Al acabar el primer trimestre en la Universidad de Sofía, me sentía muy ilusionado haciendo planes para las vacaciones de verano. Pidiendo a Dios que me guiase, me sentía ilusionado pensando en la posibilidad de poder hacer nuevas experiencias de algo desconocido para mí. Sólo empezar el mes de Agosto volví a Osaka y fui a mi casa. Al reencontrarme con mis padres después de un largo tiempo y recibir de ellos un fuerte abrazo, su afecto me hizo sentir el amor de Dios como algo muy real e imprescindible en mi vida.

Durante el tiempo que estuve viviendo con mi familia iba a ayudar al P. Franquesa al Colegio del Keiko, en el que estudié y que llevaré siempre en mi recuerdo. Estuve colaborando con él en los trabajo del Grupo de Estudio Católico del Colegio. Al acabar el trabajo que me resultaba muy interesante, participaba también en la Misa que decía el P. Franquesa. Para mí era como un profundo suspiro de alegría por los todas las gracias que recibí durante los 6 años pasados en el Keiko y por todas las que estoy recibiendo actualmente como seminarista. En estas ocasiones la única oración que puedo repetir con sencillez y espontaneidad es “gracias Dios mío”.

Después, a principios de septiembre, fui a hacer 5 días de retiro individual a la Casa de Ejercicios que los Pasionistas tienen en Mefu cerca de Kobe. Era la primera vez que hacía un retiro de este tipo, pero gracias a la acogida tan calurosa de los Pasionistas y a su dirección fueron para mí unos días de gracia. Durante esos días además de reafirmarme en mi vocación, experimenté profundamente la alegría de sentir que Cristo estaba conmigo a pesar de todos mis fallos. Gracias sean dadas a Dios!

Con toda la fuerza que recibí de esos días tan bonitos y sabrosos me dirigí a Tottori para realizar el plan más importante del verano, es decir, pasar unos días en la Institución “Matsu no Seibo Gakuen” que los Hermanos de la Caridad tienen allí para personas discapacitadas. Para mi fueron unos días de muchas experiencias nuevas. De manera especial hasta ahora nunca había pensado que ayudaría en el trabajo de recolección de la cosecha. Al participar después en la Misa y al escuchar las palabras de ofrecimiento del pan y del vino “fruto de la tierra y del duro trabajo del hombre” no podía sino asentir y me costaba aguantar la risa pensando en la experiencia que había tenido de ello.
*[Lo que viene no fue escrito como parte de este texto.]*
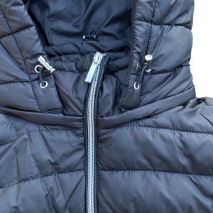 Zara Removable Hood Puffer Jacket Women Sz L Black Neutral Quilted Everyday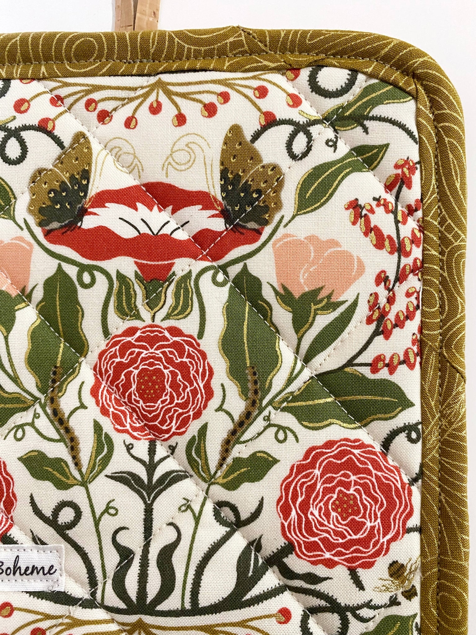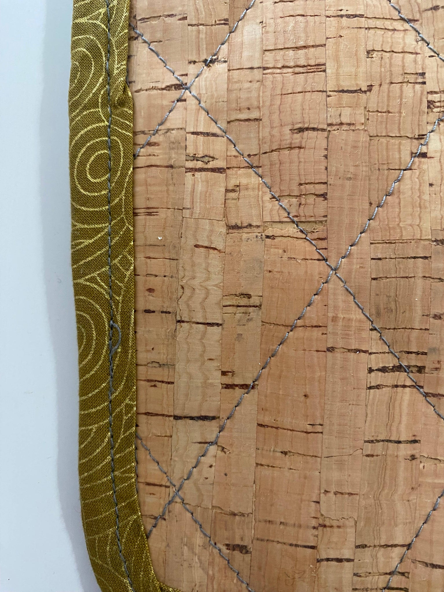 Cork may be a bit stiff at first but will soften over time like leather .Pot holder made from upholstery grade cork fabric and quilting cotton fabric.

De todas maneras no fue ésta la experiencia más profunda que tuve en el Seibo Gakuen, sino las que la tuve sobre diversas formas de oración. En primer lugar, mi encuentro con la oración lo tuve orando con los Hermanos de la Caridad. Cada noche al participar en la Misa y orar en silencio delante del Santísimo, recibía la gracia de sentir cómo se recuperaban mi espíritu y mi cuerpo fatigados por el trabajo del día. En aquellos ratos me venían a la mente las siguientes palabras de la Escritura: “Permaneced en mí como yo permanezco en vosotros. Como el sarmiento no puede dar fruto si no permanece unido a la vida, tampoco vosotros podéis dar fruto si no permanecéis unidos a mí. Yo soy la vid. Vosotros los sarmientos. El que permanece en mí y yo en él, ése da mucho fruto” (Jn. 15:4-5)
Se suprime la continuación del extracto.